Почти треть всей советской пехоты и половина ее бронетанковых сил — устрашающие 60-тонные танки «Сталин», 36-тонные Т-34 и более легкие Т-70 — должны были обрушиться на немецкие войска, зачастую в четыре раза превосходя численностью немцев. Главным советским оружием была, конечно, тяжелая артиллерия, которую подтаскивали сюда по дорогам, перестающим после этого существовать. Всего готовы были ринуться в бой 163 пехотных дивизии, 32 тысячи артиллерийских стволов и 6 тысяч 500 танков.
По ночам через Одер укладывались мосты, они залегали под водой, и благодаря этому их трудно было заметить и еще труднее уничтожить.
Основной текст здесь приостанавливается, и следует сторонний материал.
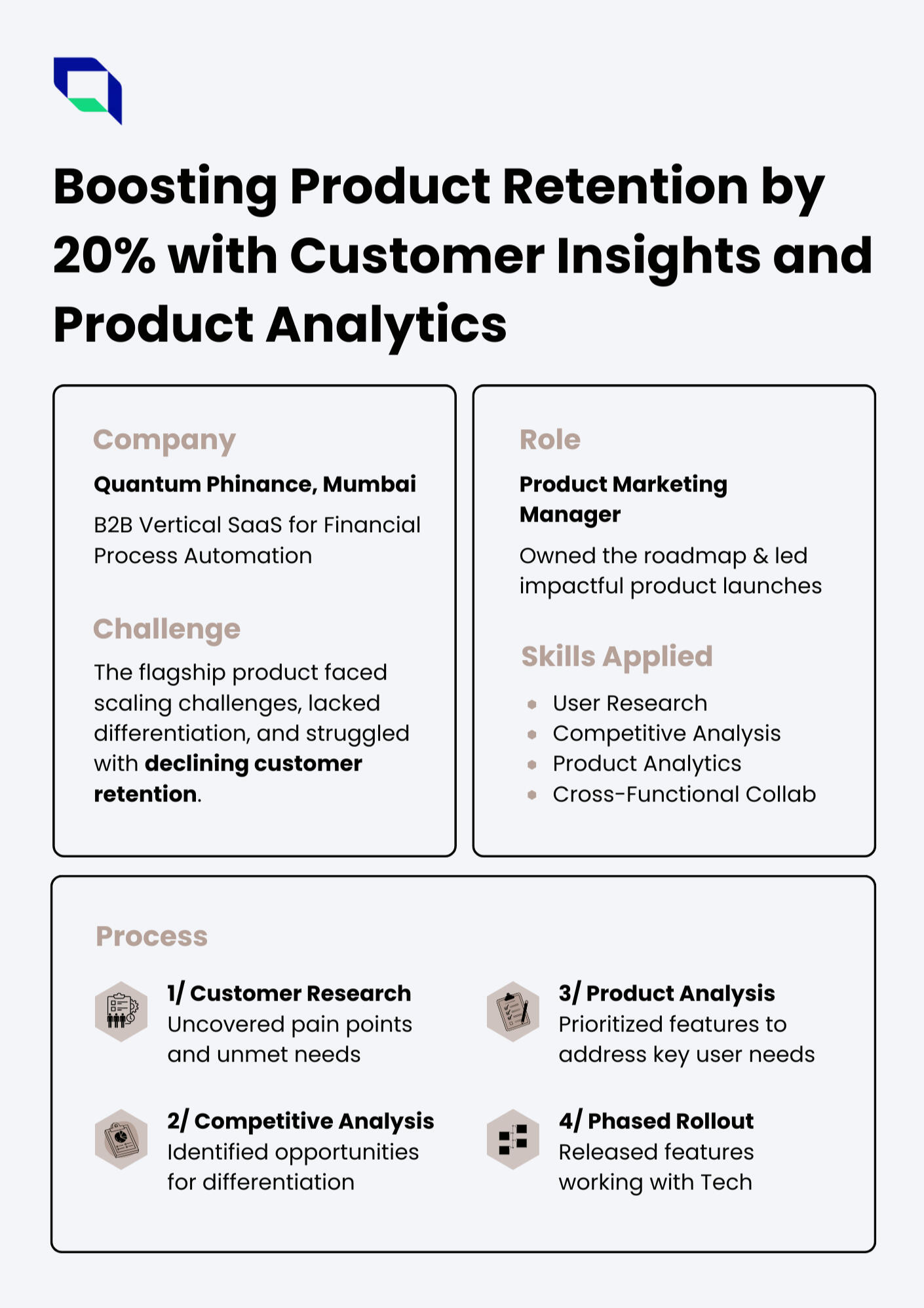 Quantum Phinance, Mumbai⬢ Product Marketing Manager (June '18 to Mar '22)Defined product roadmap and led product launches, improving customer retention by 20%

Иногда строительство мостов шло в открытую, днем, словно в насмешку над безуспешными попытками немецкой авиации помешать строительству.
Жуков отдал Коневу из состава Белорусского фронта 28-ю и 31-ю армии вместе с семью артиллерийскими дивизиями, чтобы усилить 1-й Украинский фронт, прорваться через Германию южнее Берлина и выйти к Эльбе напротив Дрездена. Жуков и весь 2-й Белорусский фронт угрожали теперь Берлину на глазах у не верящих своим глазам немцев.
Первоначальный план заключался в массированном фронтальном наступлении через Одер и захвате единственного географического препятствия между Одером и Берлином — Зееловских высот, нависающих над переправами через реку. После этого Берлин должен был быть захвачен классическими клещами, используя 1-й и 2-ю гвардейские танковые армии, которые будут наступать с юго-востока и северо-востока. 1-я Польская армия, 61-я армия и 7-я гвардейская кавалерийская армии должны были форсировать Одер севернее города и обеспечить защиту северного фланга, в то время как 69-я и 33-я армии и 2-я гвардейская кавалерийская дивизия атакуют и нейтрализуют гарнизон города Франкфурта-на-Одере, который расположен на линии Варшава—Берлин. Жуков планировал использовать 3-ю армию в качестве своего резерва.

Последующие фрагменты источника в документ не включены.